From Harter Fell I pushed on up to High Street, and then on to Thornthwaite Crag. The fells were fairly busy – unsurprising, given the glorious weather – and I was seldom far from other walkers as made my way to the western ridge of the Kentmere Horseshoe. I hauled myself up Froswick and the forbidding grey bulk of Ill Bell in streaming sunshine; just as the weather could turn cold quickly, now I found myself growing uncomfortably warm, and grateful for the chance to lose my shell layer. Beyond Yoke I decided to complete a day’s Wainwright-bagging with squelchy treks to Sour Howes and Sallows, although – in the gathering gloom of early evening – I rather wish I hadn’t.

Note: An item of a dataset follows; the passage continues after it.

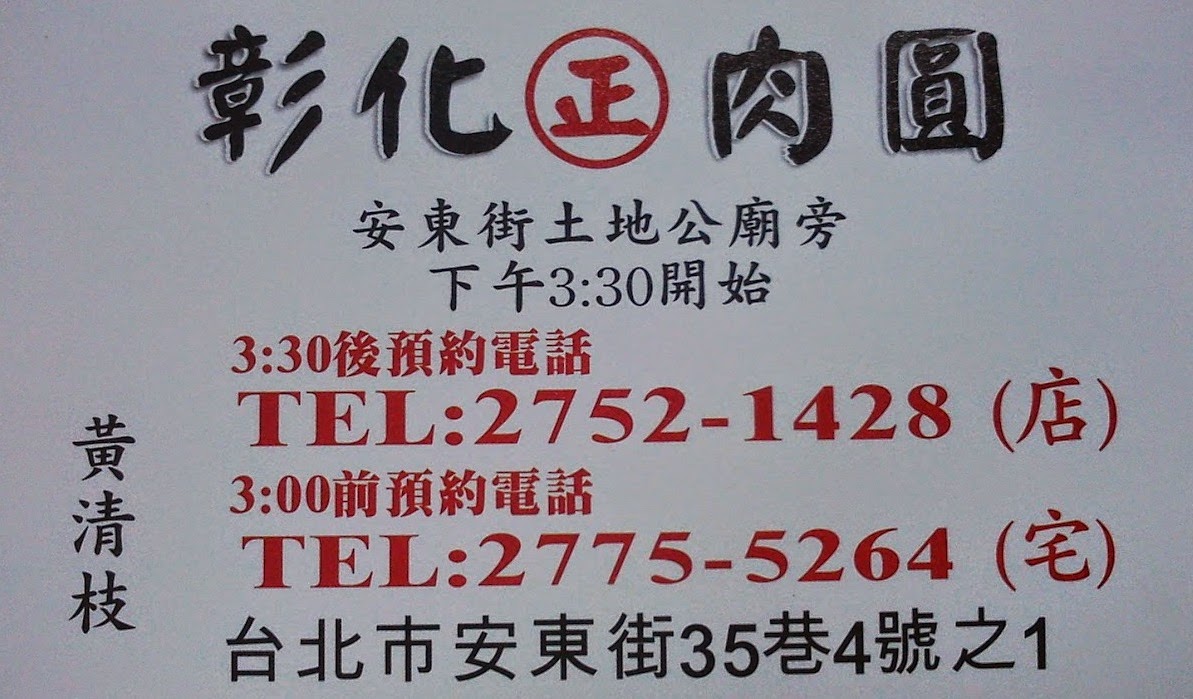 附上安東街彰化肉圓的名片,想吃的話記得一定要先打電話跟老闆預約。位置是在忠孝復興站一號安東街出口,右邊第一條巷子走到底。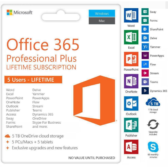 Microsoft Office 365 Pro Plus 5 Devices Pc Mac Ios Android Lifetime Account Softwarefastkey

Still, this was a classic Lakeland weekend, taking in the popular Kentmere Horseshoe and breaking it up with a trip out to some of the area’s wilder scenery. It’s a marvellous region of the Lake District, and a great spot for honing the core map-and-compass skills that will help keep me on track in Scotland next year.

Route details

Wainwrights climbed: Shipman Knotts, Kentmere Pike, Harter Fell, Tarn Crag, Grey Crag, Mardale Ill Bell, High Street, Thornthwaite Crag, Froswick, Ill Bell, Yoke, Sour Howes, Sallows.

Route maps: You can see my planned routes on Ordnance Survey: Day 1, Kentmere to Mosedale Cottage; and Day 2, Mosedale Cottage to Kentmere. Note that I didn’t make it to Selside Pike and Branstree because of the snowfall.

Common sense… Please do not venture into the mountains in winter without sufficient equipment and experience to deal with adverse weather – including a whistle, headtorch, spare batteries and emergency shelter – and make sure you allow for increasingly short daylight hours. It’s good practice to leave a route card and anticipated return time with someone before you set off.